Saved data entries
⟨

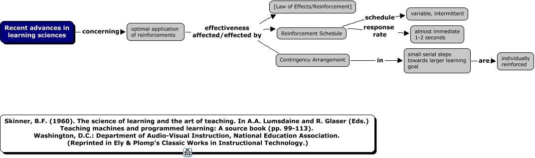 NewAdvancesUseofReinforcement_Skinner_scienceLearningArtTeaching_1960, optimal application of reinforcements effectiveness affected/effected by Contingency Arrangement, Reinforcement Schedule schedule variable, intermittent, small serial steps towards larger learning goal are individually reinforced, optimal application of reinforcements effectiveness affected/effected by Reinforcement Schedule, Recent advances in learning sciences concerning optimal application of reinforcements, Contingency Arrangement in small serial steps towards larger learning goal, optimal application of reinforcements effectiveness affected/effected by [Law of Effects/Reinforcement], Reinforcement Schedule response rate almost immediate 1-2 seconds
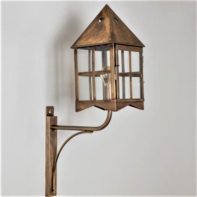 Sie suchen eine exklusive Aussenleuchte in Messing? Die exklusive Aussenleuchte Messing gehört zur Laternenkollektion Pyramide aus dem Hause Lumart, einer exklusiven französischen Leuchtenmanufaktur in der Nähe von Paris. Die Wandleuchte aus Messing mit edlem säurepatiniertem Messing-Finish überzeugt mit ihrem verspielten nostalgisch antikem Design, welches ein wenig an das frühere Mittelalter erinnert. Die exklusive Aussenleuchte Messing ist mit der Schutzart IP 23 für den etwas geschützeren Außenbereich, z.B. unter einem Dachkasten, bestens geeignet. Die sowohl von der Form als auch dem verwendetem Material/Finish außergewöhnliche Aussenwandleuchte ist bei uns auch als Wandleuchte-ohne Wandarm- oder als perfekte Ergänzung Ihrer Außenbeleuchtung als Sockelleuchte/ Gartenleuchte erhältlich. Der Garten und Vorgartenbereich ist quasi die Visitenkarte Ihrer Immobilie und möchte mit Bedacht ausgewählt sein.
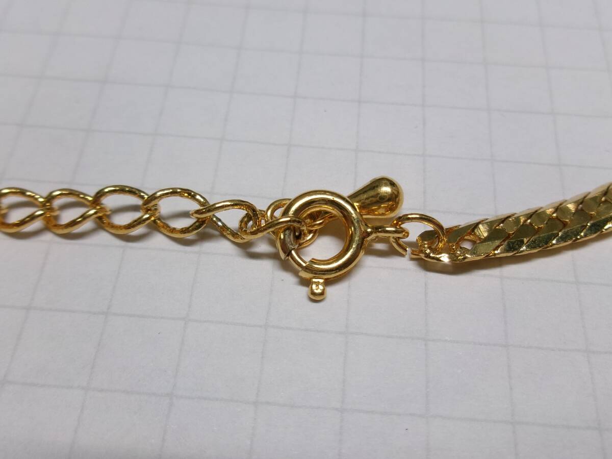 撮影の腕が悪いので画像は実物の方が良い場合が有ります。 重量:約19.15g サイズ:45cm 5mm方眼紙、メジャーを参照してください サイズ直しは専門店でお願いします。 材質:不明 刻印:無し 他見落としがある場合があります 状態:中古品 ご不明な点等がございましたらご気軽にご質問下さい (10時~17時30分)。即決はございません。 落札後24時間以内に連絡、72時間以内にお支払いが出来る方のみ入札をお願い致します。 取り置き 同梱可能です。(清算は済ませてください) 取り置き 別の日に決済の場合送料は現金でお返しします。 |
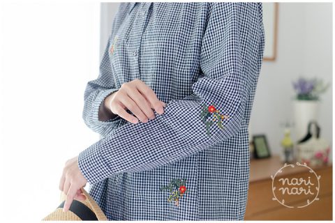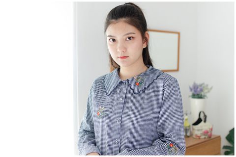 รุ่นนี้น่าร้ากก เสื้อคอตตอนนิ่มๆลายตาราง แขนยาว ผ่ากระดุมหน้า คอปกหยักกุ๊กกิ๊ก ตัวเสื้อด้านหน้าปักลายดอกไม้เล็กๆ ถูกใจมาก
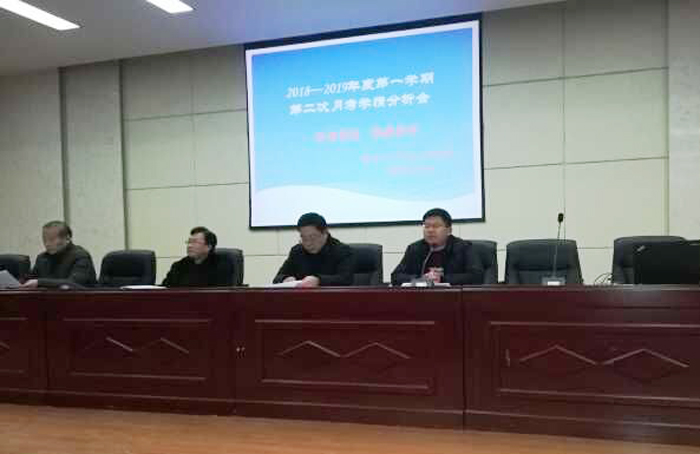 12月19日,亳州十八中高二年级召开月考考情分析会,校长吴辉、副校长孙德兴参加会议,年级主任何立宏主持会议。
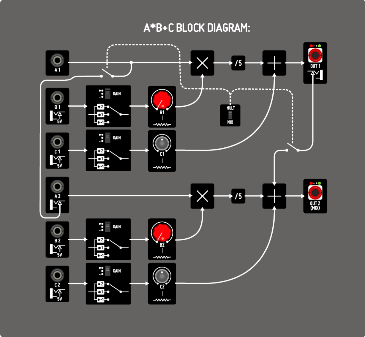 A*B+C is the ultimate utility for audio and control voltage. It performs multiplication, addition, and attenuation, providing a simple way to create complex signal interactions and timbres.
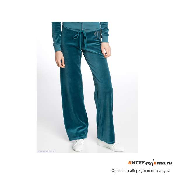 Женские спортивные брюки Juicy Couture из велюрового трикотажа цвета морской волны. Модель сильно расклешённого от бедра силуэта. Широкий эластичный пояс с кулиской. Брюки украшены логотипом бренда, выложенным кристаллами.
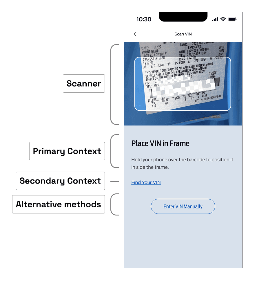 By allocating one-third of the screen to the VIN scanner, we were able to use the remaining two-thirds for primary and secondary contextual text and supporting links, guiding users more effectively to complete their tasks.
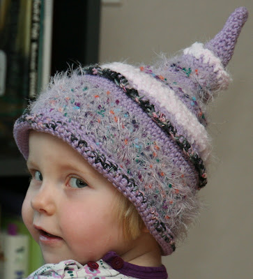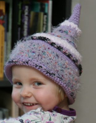 Lidt mere restegarn blev til denne pagodehue til Elisabeth, der har plaget om en siden Sebastian fik sin.
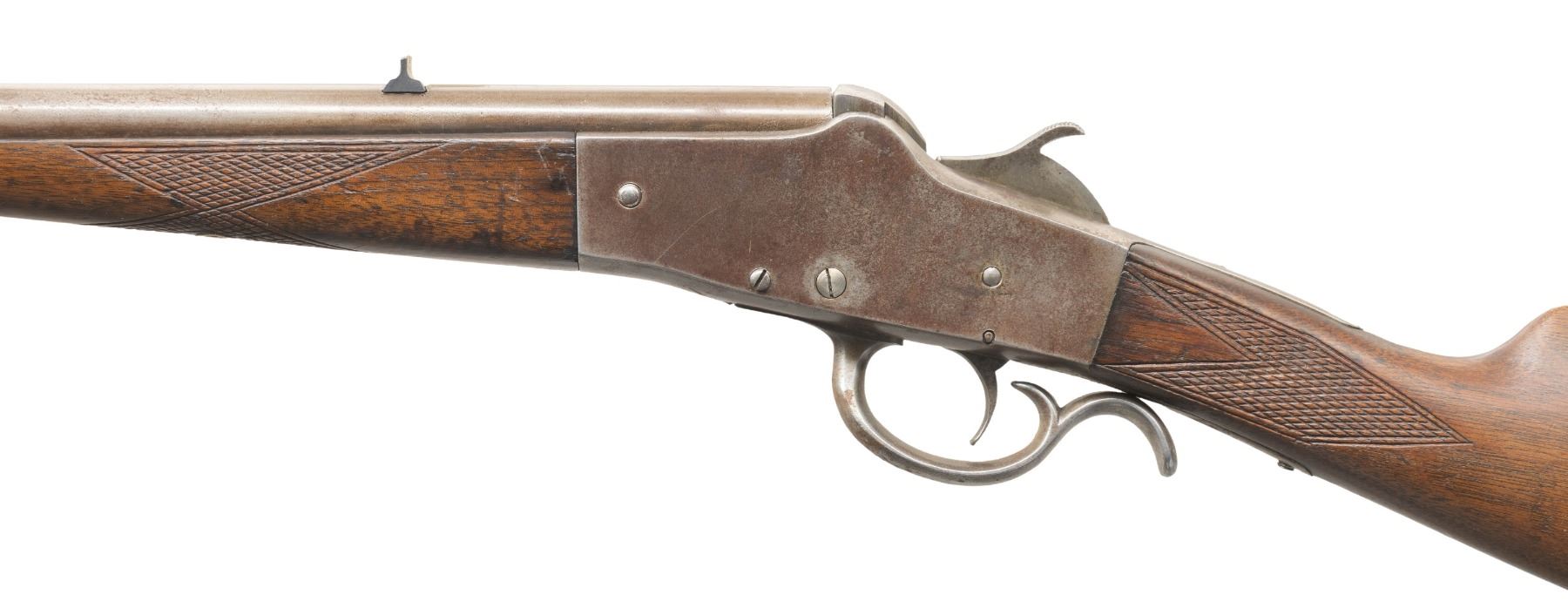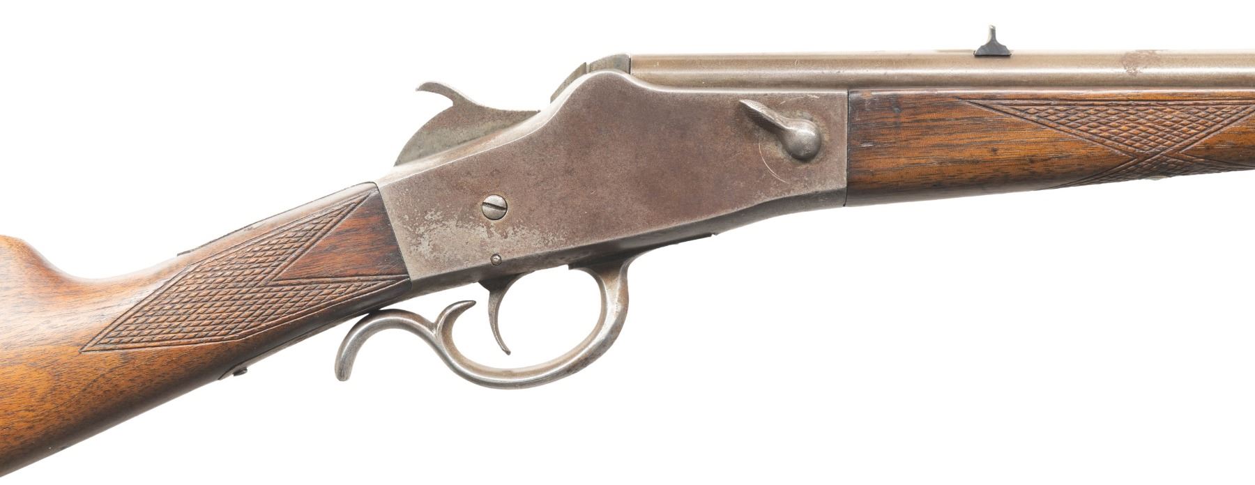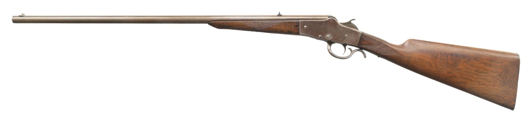 RIFLE. Cal. 32 RF. S# 6469 (on face of frame under forearm). Mfg. 1890-1896. Rnd. 24.25" w/ sporting sights. Takedown falling block action. Walnut stock set w/ sheet metal buttplate. CONDITION: metal has gray/brown patina appearance with areas of prior pitting & spots of corrosion. Sanded & lightly refinished wood has re-cut checkering & numerous marks. Fair worn rifling with pitting. PROVENANCE: Estate of Groves Herrick. (01-28344/MD). ANTIQUE. $100-200.
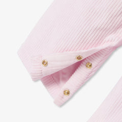毎日の強い味方、サロペット。赤ちゃんのワードローブに欠かせない一着です。冬仕様のコーデュロイ生地は、柔らかなパウダーピンクカラーでモダンに仕上げました。ストラップと股下のスナップボタンで、Tシャツやボディスーツの上から簡単に着脱でき、保育園でもご家庭でも、幅広く活躍します。
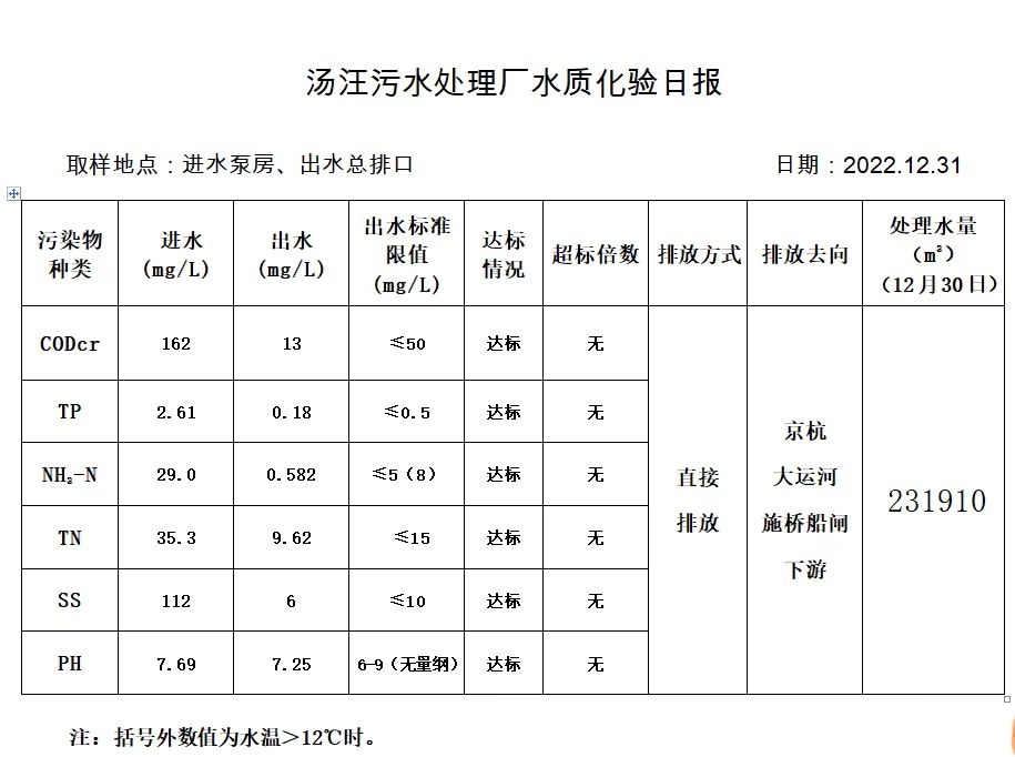 汤汪污水处理厂水质化验日报(2022.12.31)
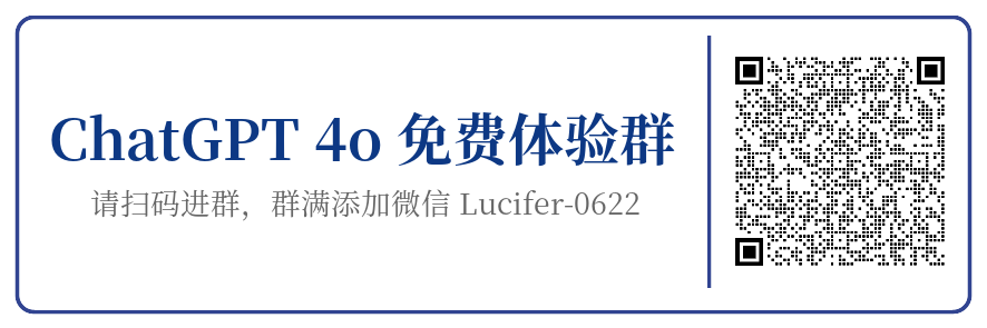 PS: 如果想免费体验 ChatGPT 4o,可以扫码进群,我会在每个工作日免费发放 Plus 会员的体验授权码。社群中还有准备好的 GPT 保姆级教程,进群后记得查看群公告噢!
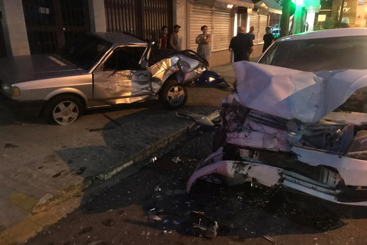 Um VW Gol, conduzido por um homem de 25 anos, bateu em três caminhonetes, que estariam estacionadas, uma VW Saveiro, uma Renault Duster e um Hyundai Tucson.
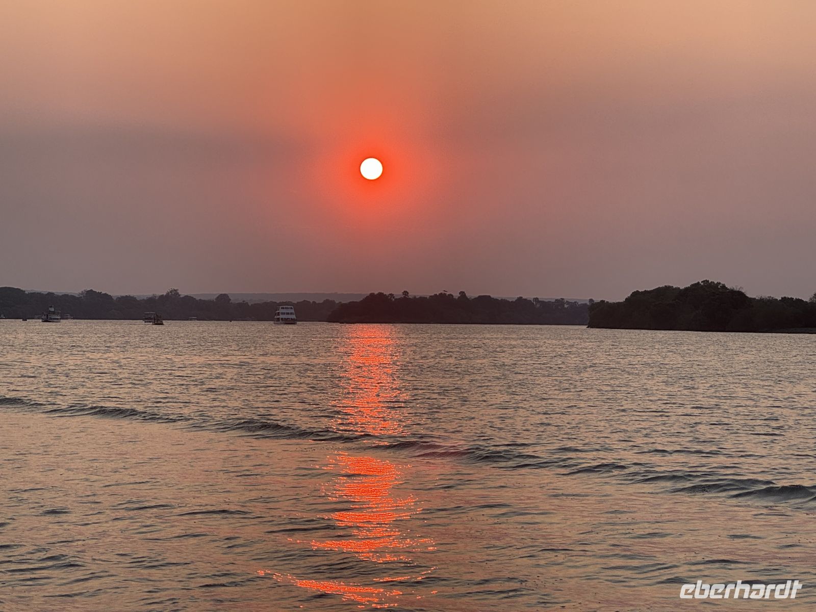 Wir drehen unsere Runde, immer noch auf Sambesischer Seite und von dort werden wir auch den Sunset erleben. Dieser wird auch unser Letzter werden. Insgesamt waren es 4 auf 4 Flüssen. Jeder anders, durch Licht, Natur und den Rest der Umgebung.
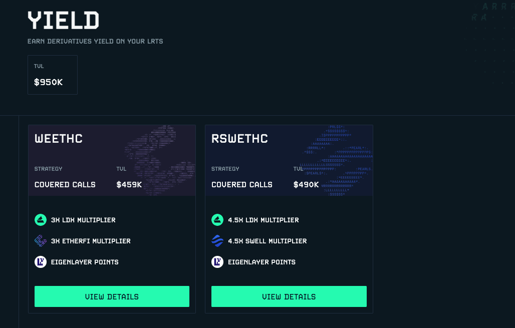 Lyra launched C-Token (covered call tokens), the first tokenized derivative that earns yield from options premiums, ETH staking rewards, EigenLayer points, boosted re-staking points, and Lyra points. Users can now deposit weETH and rswETH to start earning yields.
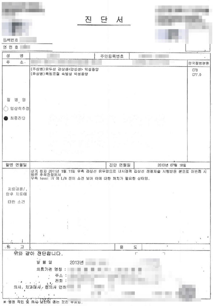 갑상선암으로 진단받고 수술을 한 경우 의외로 주변 림프절로의 전이가 된 경우가 많습니다. 이 경우 수술시 함께 제거를 하는경우가 대부분이기 때문에 크게 신경을 안쓰는 경우가 많습니다. 진단서 내용에서 뿐만 아니라 수술 후 주치의와의 상담에서도 림프절로의 전이가 되었다는 설명을 못받는 경우도 많습니다.
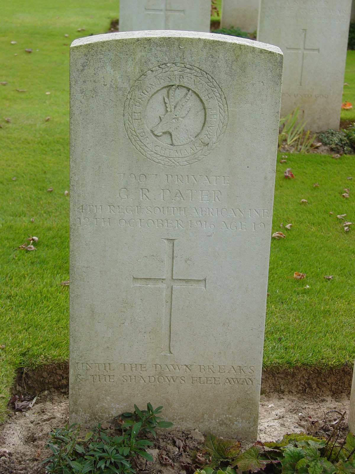 Son of John Raymond Pater and Belinda Rosalie Pater, of "Toolanji," Eildon Rd., Kensington, Transvaal. Native of Melbourne, Australia. Attended Jeppe High School for Boys. Entered the School in 1908 and left in 1912. On Jeppe High School for Boys Roll of Honour
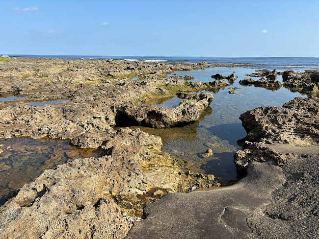 比屋定バンダを過ぎて少し行くと「熱帯魚の家」への標識があり、段丘を行く道路からはずれて海岸へ下りていく。 |
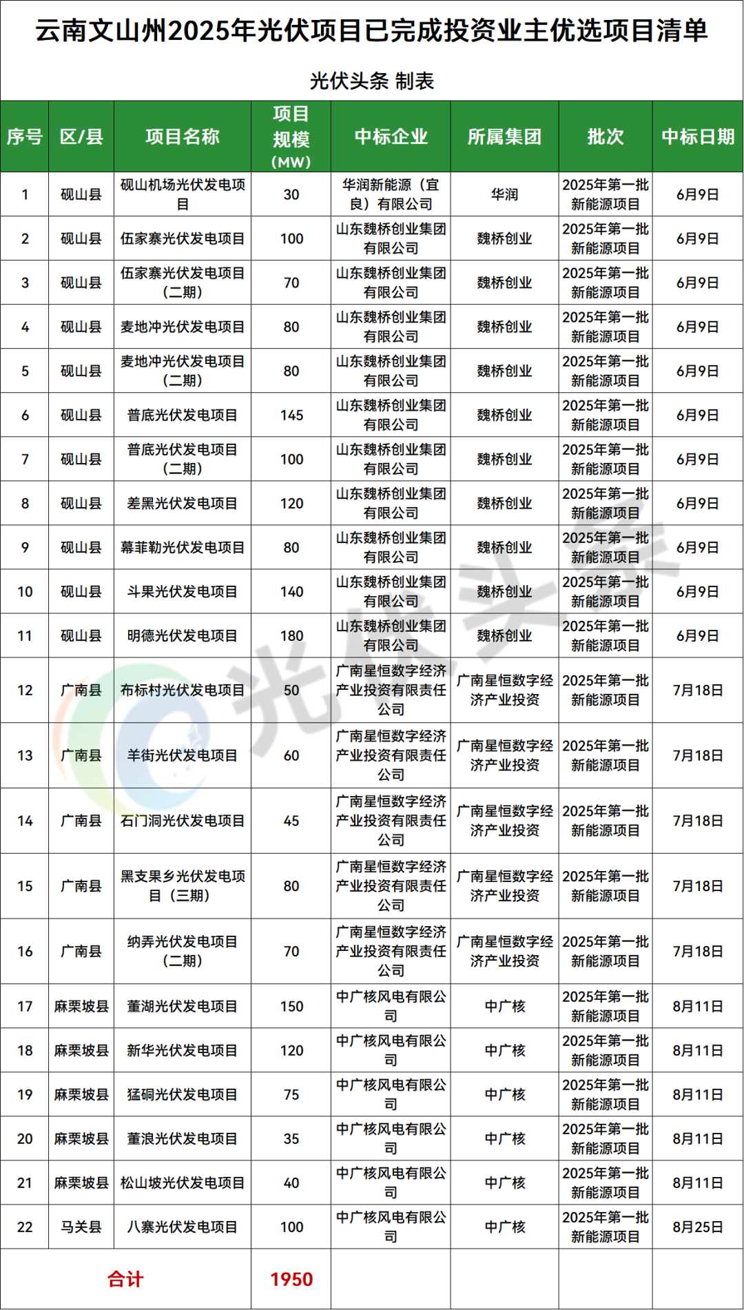 文山州砚山县、麻栗坡县、广南县、马关县4地光伏项目竞配结果公示,规模共计1950MW;
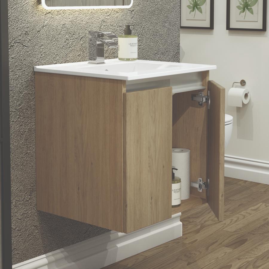 2. Features of Newland 500mm Double Door Suspended Basin Unit With Ceramic Basin Natural Oak:
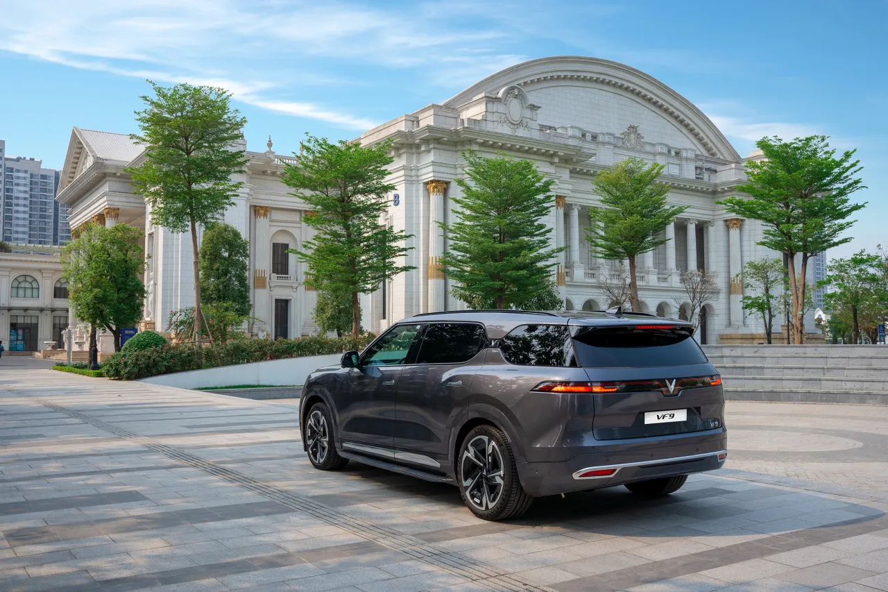 Những đường nét thiết kế hình học, có phần gân guốc tiếp tục được tái hiện ở khu vực đuôi xe VF 9, giúp hoàn chỉnh vẻ đẹp cơ bắp của mẫu SUV full-size "nhà" VinFast.
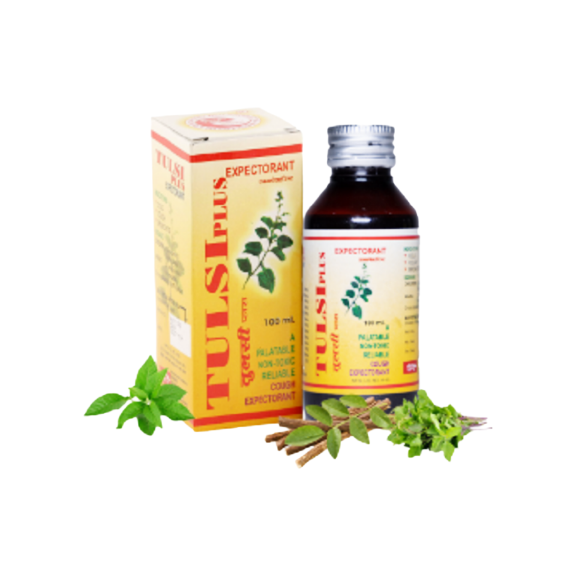 Tulsi S/F Expectorant is an herbal formulation, sugar-free, designed to alleviate productive cough and chest congestion. Its primary active ingredient is an extract of Tulsi (Ocimum sanctum), also known as Holy Basil, which is revered in traditional medicine for its adaptogenic, anti-inflammatory, and immunomodulatory properties. As an expectorant, it works by helping to thin and loosen tenacious mucus and phlegm accumulated in the respiratory tract, making it easier to expel through coughing. This action helps to clear congested airways, reduce chest tightness, and promote clearer breathing. The natural compounds in Tulsi also contribute to soothing irritated respiratory passages and may offer mild bronchodilatory effects, providing gentle yet effective relief from common cold symptoms without the added sugar.
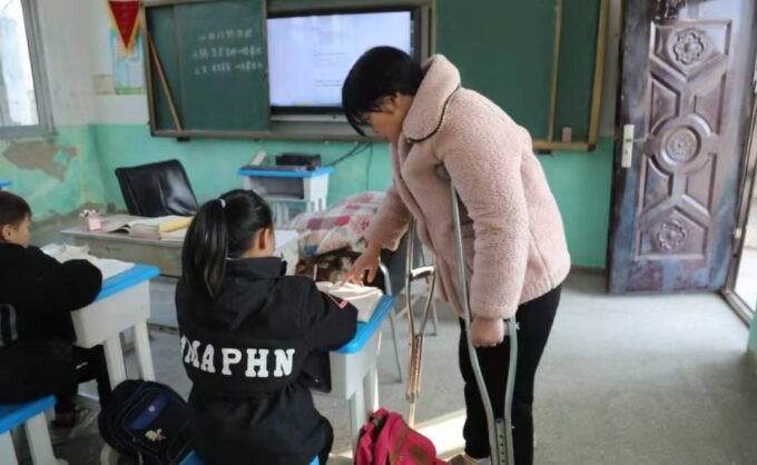 “为了不耽误学生的课程,李娟老师拄着双拐坚守讲台,她默默地履行教书育人、为人师表的神圣职责,把满腔的热情奉献给学生,她用实际行动践行了新时代四有好老师的标准,我们为她爱岗敬业的精神点赞!”该校业务主任吴素敏说。

⟩

> Your instructions: Above are the records. Copy word for word only their lines from the one holding "汤汪污水处理厂水质化验日报(2022.12.31)" through the one holding "갑상선암으로 진단받고 수술을", both included, and skip the images.

> Task response:
 汤汪污水处理厂水质化验日报(2022.12.31)
 PS: 如果想免费体验 ChatGPT 4o,可以扫码进群,我会在每个工作日免费发放 Plus 会员的体验授权码。社群中还有准备好的 GPT 保姆级教程,进群后记得查看群公告噢!
 Um VW Gol, conduzido por um homem de 25 anos, bateu em três caminhonetes, que estariam estacionadas, uma VW Saveiro, uma Renault Duster e um Hyundai Tucson.
 Wir drehen unsere Runde, immer noch auf Sambesischer Seite und von dort werden wir auch den Sunset erleben. Dieser wird auch unser Letzter werden. Insgesamt waren es 4 auf 4 Flüssen. Jeder anders, durch Licht, Natur und den Rest der Umgebung.
 Lyra launched C-Token (covered call tokens), the first tokenized derivative that earns yield from options premiums, ETH staking rewards, EigenLayer points, boosted re-staking points, and Lyra points. Users can now deposit weETH and rswETH to start earning yields.
 갑상선암으로 진단받고 수술을 한 경우 의외로 주변 림프절로의 전이가 된 경우가 많습니다. 이 경우 수술시 함께 제거를 하는경우가 대부분이기 때문에 크게 신경을 안쓰는 경우가 많습니다. 진단서 내용에서 뿐만 아니라 수술 후 주치의와의 상담에서도 림프절로의 전이가 되었다는 설명을 못받는 경우도 많습니다.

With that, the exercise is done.